Great shots, I really enjoyed my time here over "our" winter. Nice shots, mate!


----------



## l'eau (Jul 7, 2008)

nice pics:cheers:


----------



## Taller Better (Aug 27, 2005)

PeterSmith said:


> Beautiful. One of my favorite cities. How common is it that Vancouver gets covered in snow like this?


So far it seems pretty similar to what happened last year, but as a rule Vancouver doesn't get a lot of snow on a normal winter. We had gone through a much milder than normal decade with hardly any snow at all in Vancouver, but we might be returning to more old fashioned winters. They even got snow in Las Vegas last week!!!


----------



## Major Deegan (Sep 24, 2005)

What I love about Vancouver is simple. You can actually breathe in Vancouver. When I first arrived I couldn’t believe how clean the air was. I’d never smelled air like that. In Vancouver the pace is slow. I feel if I lived there, I'd be a lot more productive. And calm.


----------



## jetstar (Apr 21, 2008)

love vancouver...but it rains like "cats and dogs" if it wasn't for the rain i move there a long time ago!


----------



## Mateus R. (Feb 4, 2007)

Great photos! I wanted to see whether Vancouver was getting a good amount of snow this winter and fortunately it IS! Only sixteen more days to get there and I hope January brings much more snow!

Thanks! :cheers:


----------



## capricorn2000 (Nov 30, 2006)

PeterSmith said:


> Beautiful. One of my favorite cities. How common is it that Vancouver gets covered in snow like this?

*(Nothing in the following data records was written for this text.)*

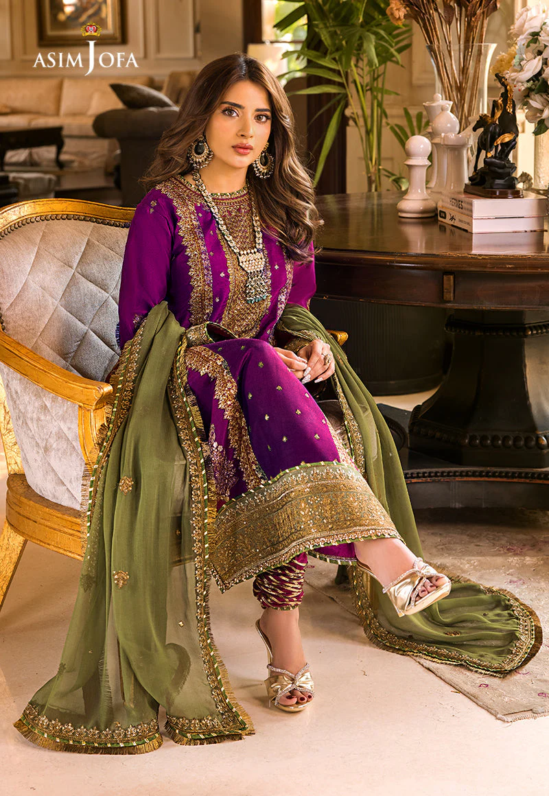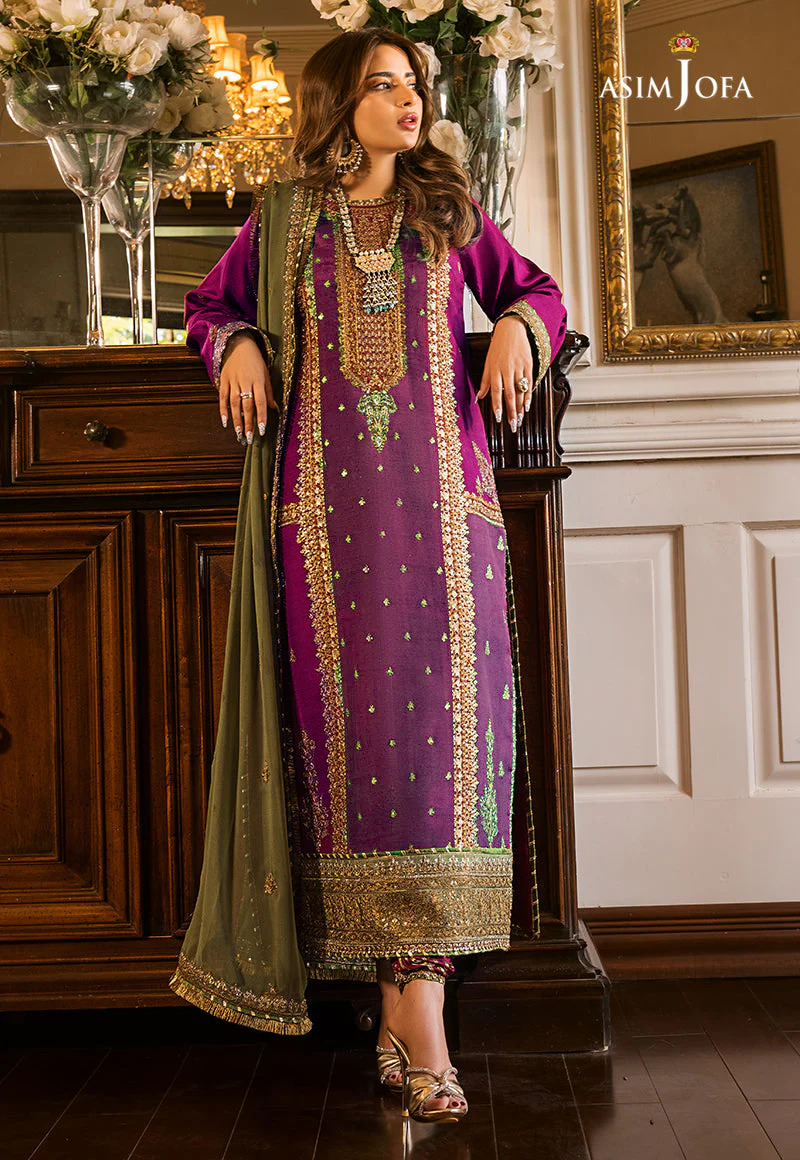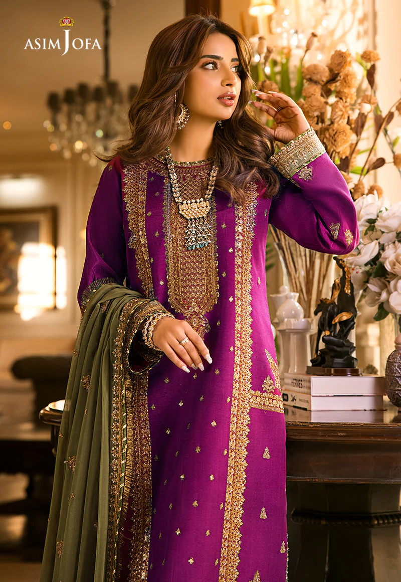 3 Piece Stitched - Embroidered Chiffon Purple | AsimJofa
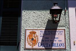 USA. Louisiana. New Orleans. French Quarter. Tiled street sign showing that from 1762 to 1803 New Orleans was the capital of the Spanish province of Luisiana and Orleans Street was Calle de Orleans.
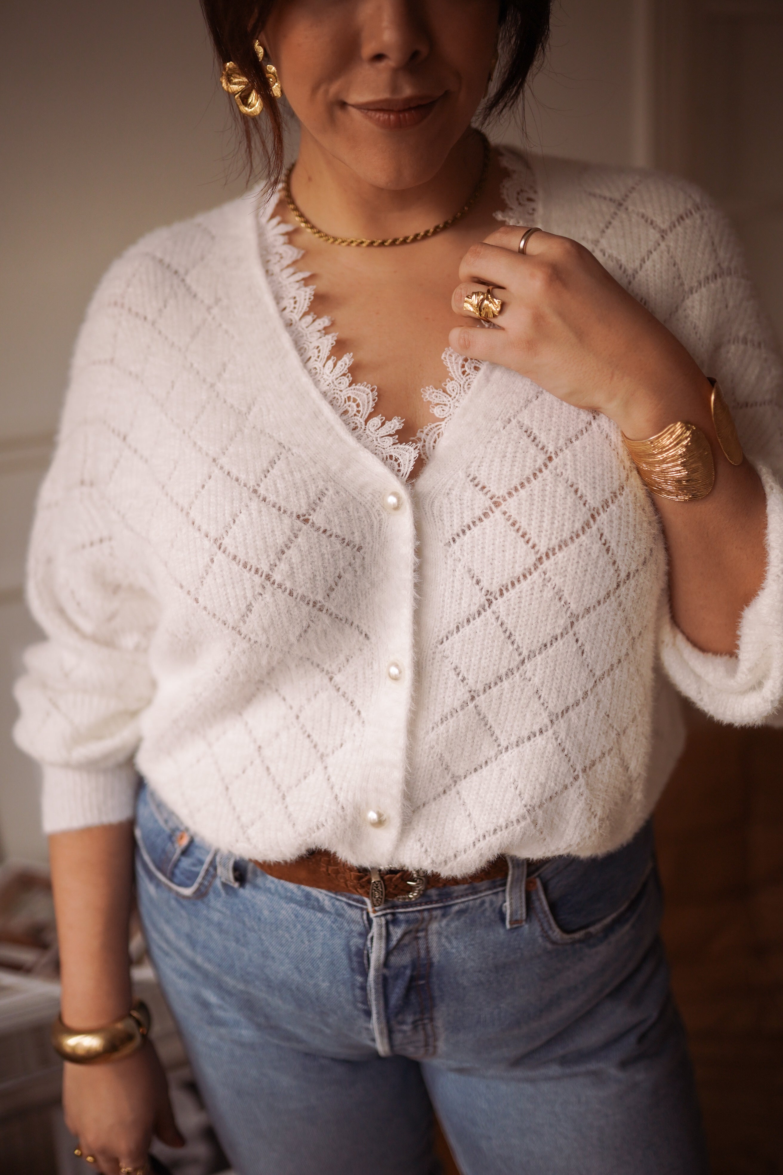 - Motif ajouré délicat en losanges pour une touche féminine
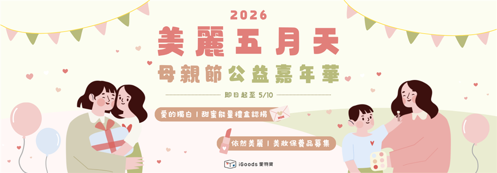 iGoods愛物資與公益單位合作,發起「美麗五月天-母親節公益嘉年華」,募集母親節禮物與美妝保養品,邀請大眾成為愛的推手,幫助孩子送出一份對媽媽與照顧者們的感謝。
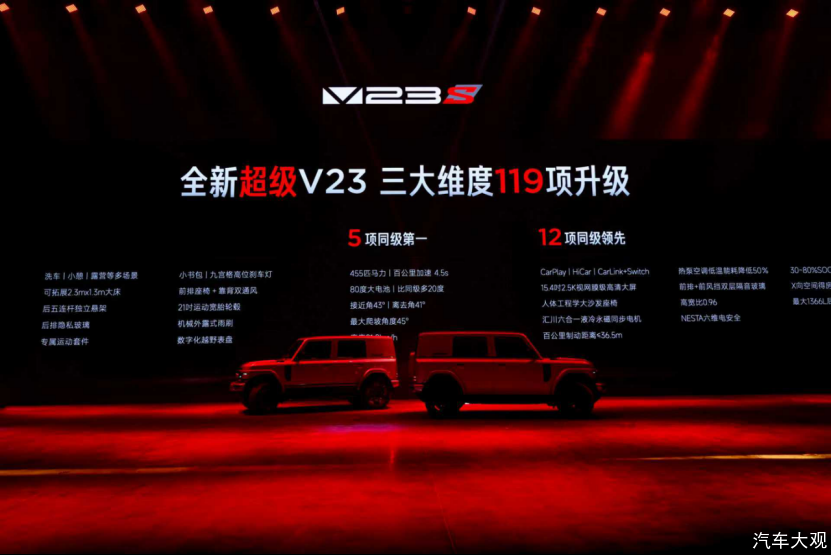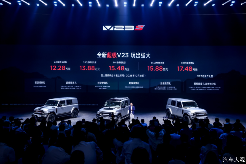 这也是此番V23产品升级,但造型“一刀不改”的原因。苏峻在上市现场称,升级后的全新超级V23,在“性能、操控、越野”等核心维度“脱胎换骨”。
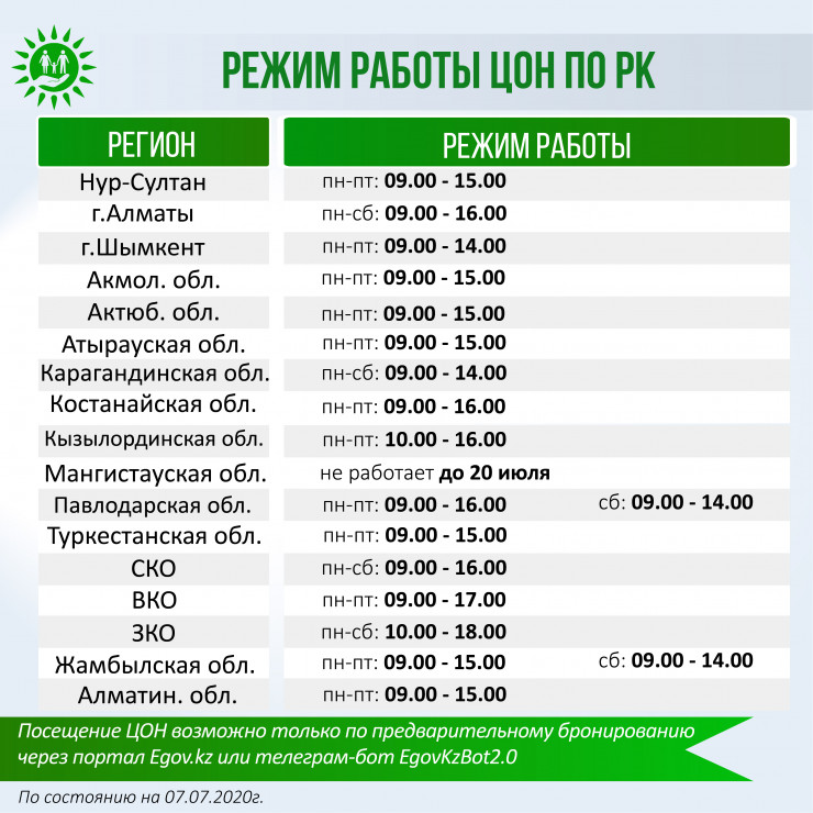 График работы ЦОНов.
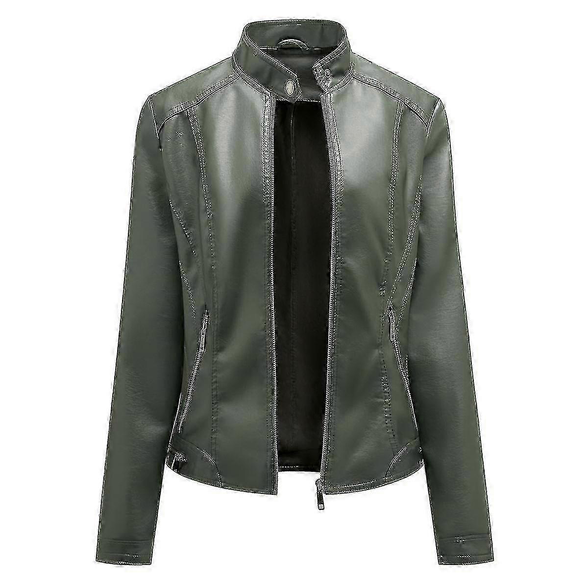 Women's Stand Collar Leather Jacket, Slim Fit Short Length Zip Front Solid Color
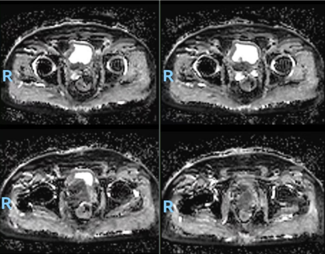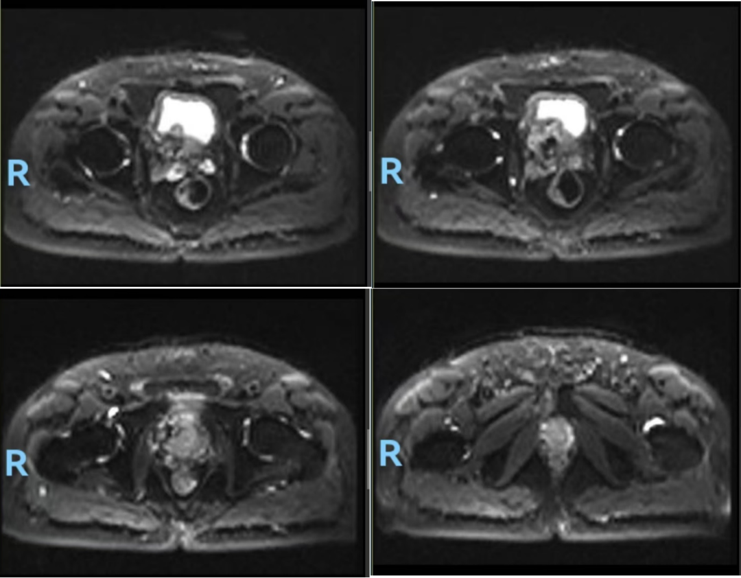 图1.前列腺MR(2024-04-18):前列腺体积不规则增大,约6.2cm(左右)x5.4cm(前后)x7.1cm(上下),中央带、外周带可见不规则片状短T2等T1信号灶,病灶向上突向膀胱,与膀胱后壁及精囊腺分界不清,DWI示病变呈弥散受限高信号,相应ADC信号减低。盆腔内见多个小淋巴结,较大者短径约为0.6cm。双侧耻骨及第1骶骨见稍长T1长T2信号,DWI弥散受限改变。直肠右侧壁局部增厚。诊断:1、考虑前列腺癌,PI-RADS 5,膀胱后壁、双侧精囊腺浸润;2、双侧耻骨及第1骶骨异常信号,转移瘤可能
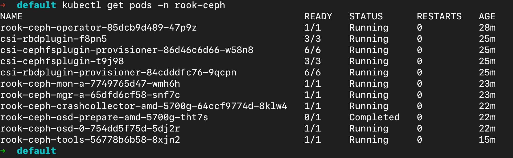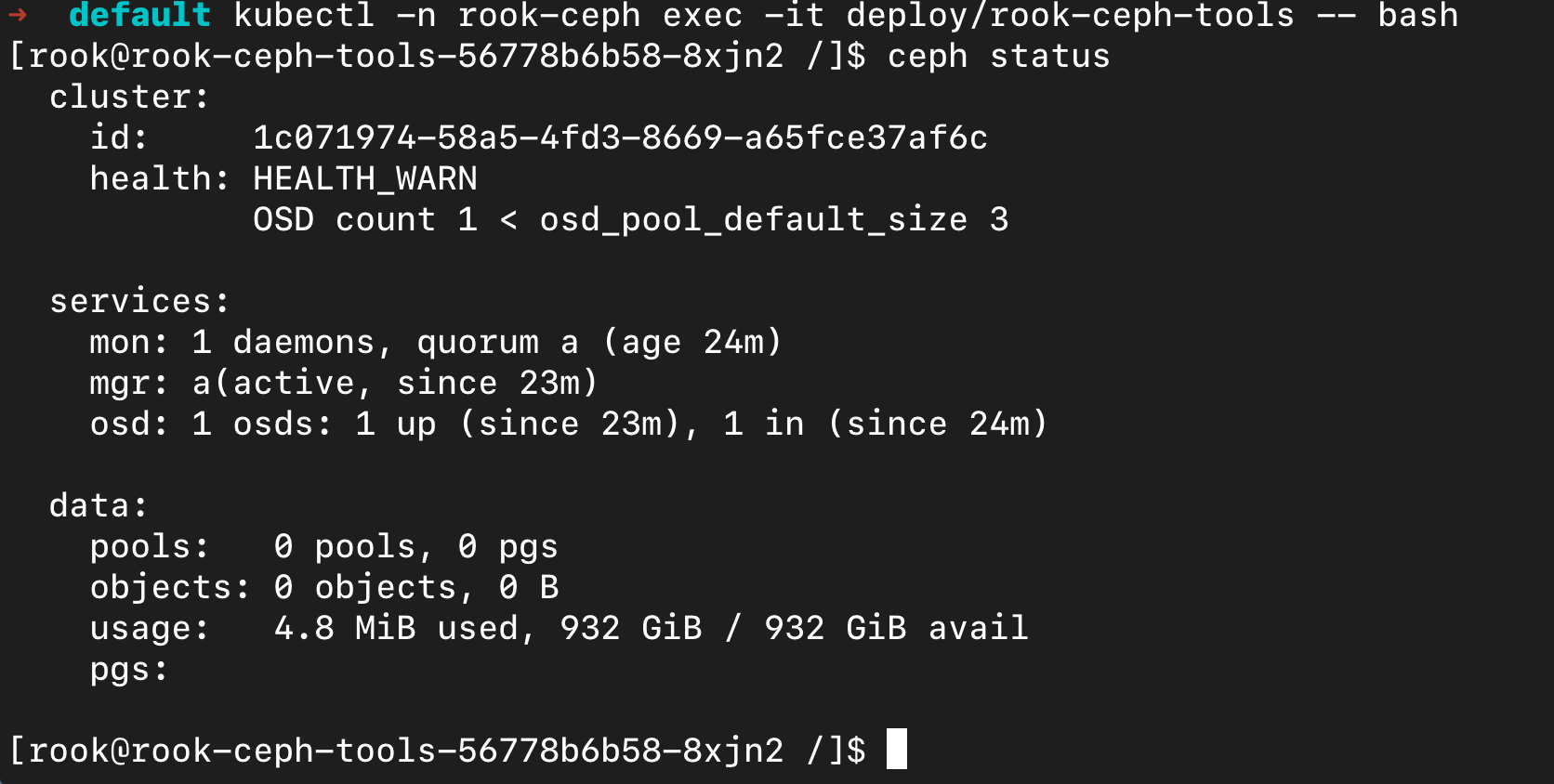 # For example, to create the cluster: # kubectl create -f crds.yaml -f common.yaml -f operator.yaml # kubectl create -f cluster-test.yaml ################################################################################################################# kind: ConfigMap apiVersion: v1 metadata: name: rook-config-override namespace: rook-ceph # namespace:cluster data: config: | [global] osd_pool_default_size = 1 mon_warn_on_pool_no_redundancy = false bdev_flock_retry = 20 bluefs_buffered_io = false --- apiVersion: ceph.rook.io/v1 kind: CephCluster metadata: name: my-cluster namespace: rook-ceph # namespace:cluster spec: dataDirHostPath: /var/lib/rook cephVersion: image: quay.io/ceph/ceph:v17 allowUnsupported: true mon: count: 1 allowMultiplePerNode: true mgr: count: 1 allowMultiplePerNode: true dashboard: enabled: true crashCollector: disable: true storage: useAllNodes: false useAllDevices: false #deviceFilter: config: # crushRoot: "custom-root" # specify a non-default root label for the CRUSH map # metadataDevice: "md0" # specify a non-rotational storage so ceph-volume will use it as block db device of bluestore. # databaseSizeMB: "1024" # uncomment if the disks are smaller than 100 GB # journalSizeMB: "1024" # uncomment if the disks are 20 GB or smaller osdsPerDevice: "1"# this value can be overridden at the node or device level # encryptedDevice: "true" # the default value for this option is "false" # Individual nodes and their config can be specified as well, but 'useAllNodes' above must be set to false. Then, only the named # nodes below will be used as storage resources. Each node's 'name' field should match their 'kubernetes.io/hostname' label. nodes: - name: "amd-5700g" devices: # specific devices to use for storage can be specified for each node - name: "sda" deviceFilter: healthCheck: daemonHealth: mon: interval: 45s timeout: 600s priorityClassNames: all: system-node-critical mgr: system-cluster-critical disruptionManagement: managePodBudgets: true --- apiVersion: ceph.rook.io/v1 kind: CephBlockPool metadata: name: builtin-mgr namespace: rook-ceph # namespace:cluster spec: name: .mgr replicated: size: 1 requireSafeReplicaSize: false
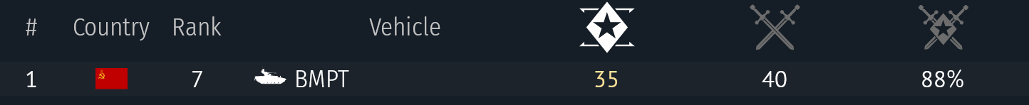 >Это не ориентир на кд, а скорее уж на винрейт Ну так-то да. Просто, опять же - КД из такой штуки ещё с горем пополам можно выжать, а КВ нет. Оно сложнее набивается, да. Но тут "сложнее" работает именно в плане того, что, опять же, на этих БМП очень сложно попасть именно в такую ситуацию, когда они попадают в идеальные условия. Ну плохо подходят всякие "Пумы" под реалии тундры, ну хуй ты что с этим сделаешь. Просто плохо и всё тут. По крайней мере, в плане чистого КД.
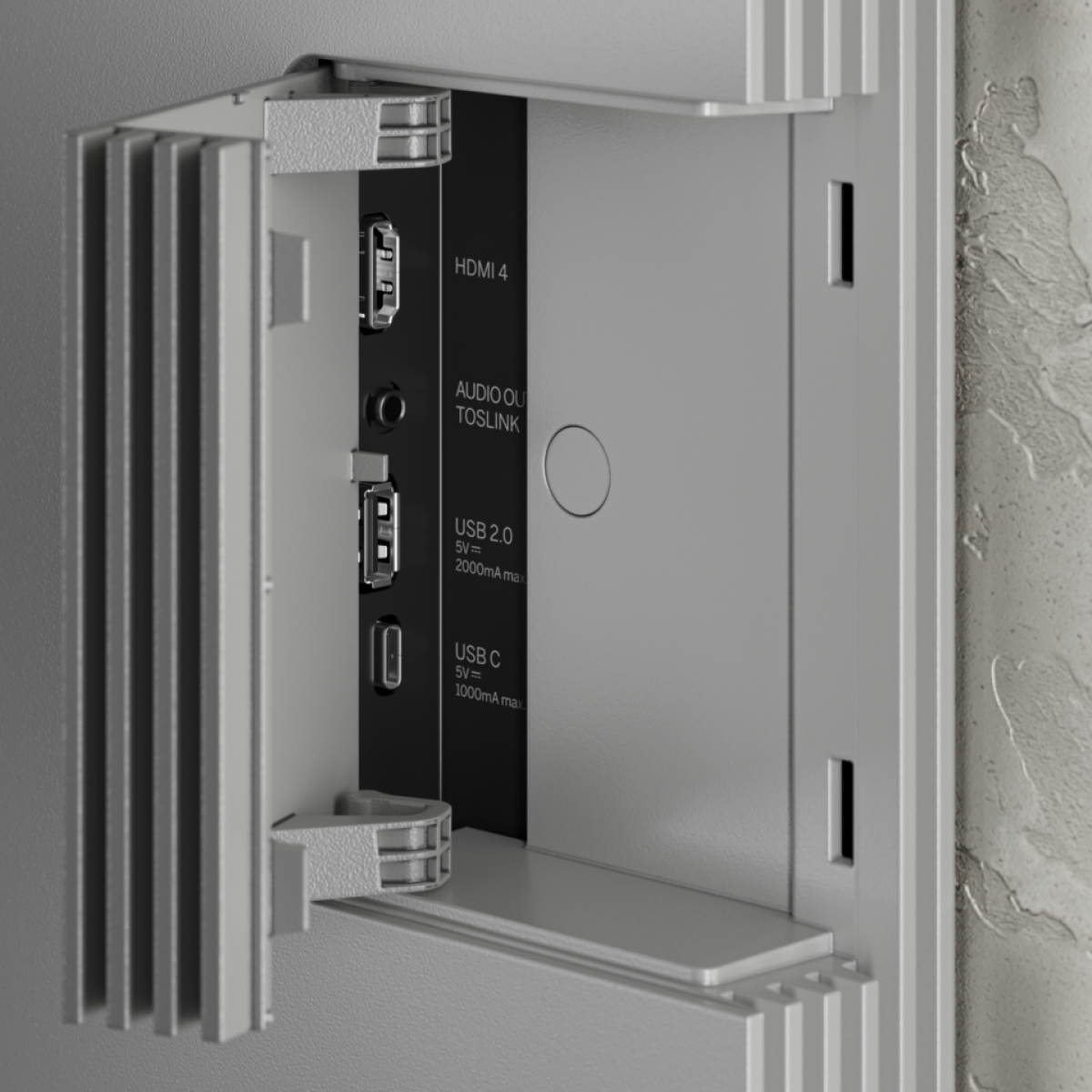 OLED. Il se distingue par un panneau arrière en véritable béton et un cadre en aluminium brossé. Entièrement
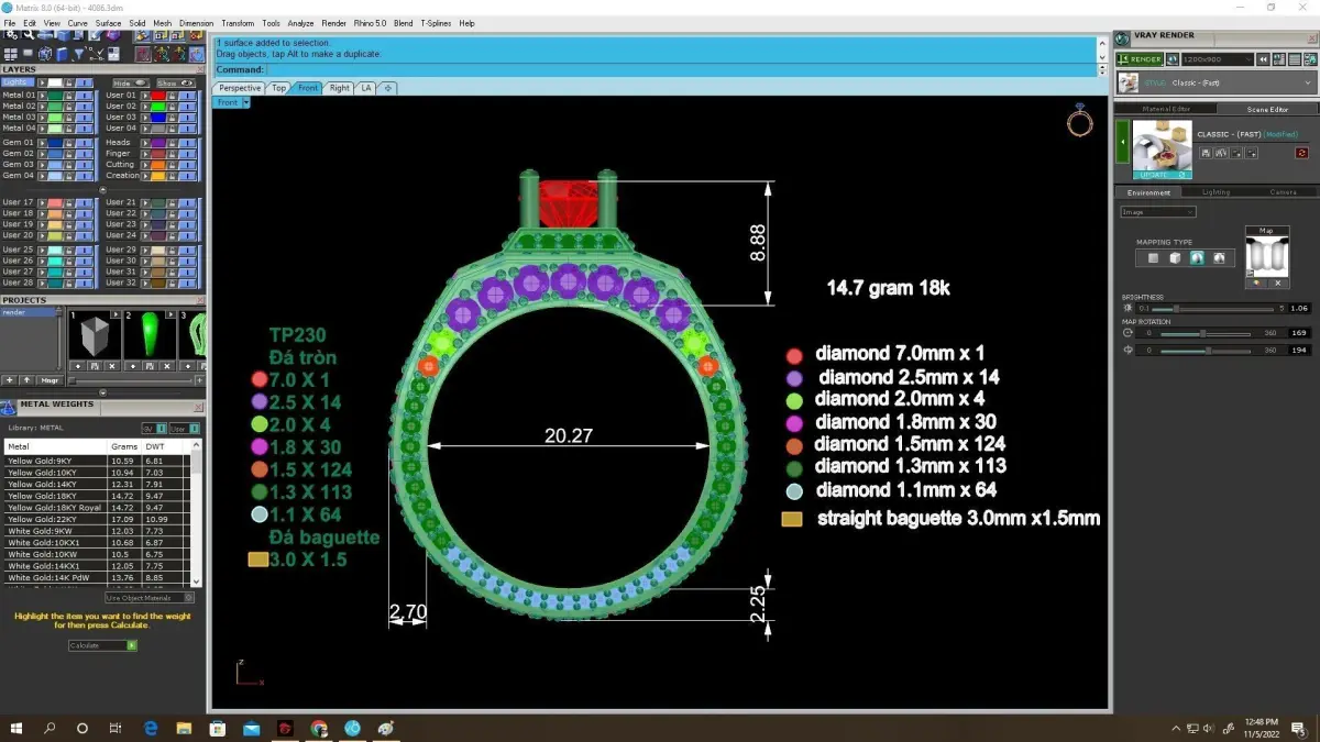 This 3D jewelry model is fully prepared for CNC machining, 3D printing, and casting production. All preview images clearly display dimensions, stone settings, and technical details to support accurate manufacturing and stone placement.
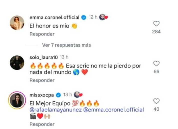Tras el anuncio, Rafael Amaya expresó en sus redes sociales: “Es un honor trabajar con Emma Coronel y Maritza en este increíble proyecto. Seguimos construyendo a través de la pasión, la disciplina y el arte”. A este mensaje, Coronel respondió brevemente: “El honor es mío”.

This winter is the most that we are getting lots of snow since I moved here eleven years ago. it's again snowing now and my front stair has accumulated about over a foot of snow. Perhaps I will take some shots later.

For the meantime, here are pics of Davie street I took yesterday....
22








23








24








25








26








27








28


----------



## Taller Better (Aug 27, 2005)

I sure know that neighbourhood!


----------



## capricorn2000 (Nov 30, 2006)

Taller said:


> I sure know that neighbourhood!


You sure do dude.......anyways.......
29


----------



## Botev1912 (Oct 18, 2006)

do they plow the roads. They look very clean without snow on them. In Seattle area the roads are still very bad


----------



## capricorn2000 (Nov 30, 2006)

Botev1912 said:


> do they plow the roads. They look very clean without snow on them. In Seattle area the roads are still very bad


Yes, they plow and put salt on most streets in downtown area and the main streets on the rest of the city but not on the residential areas.


----------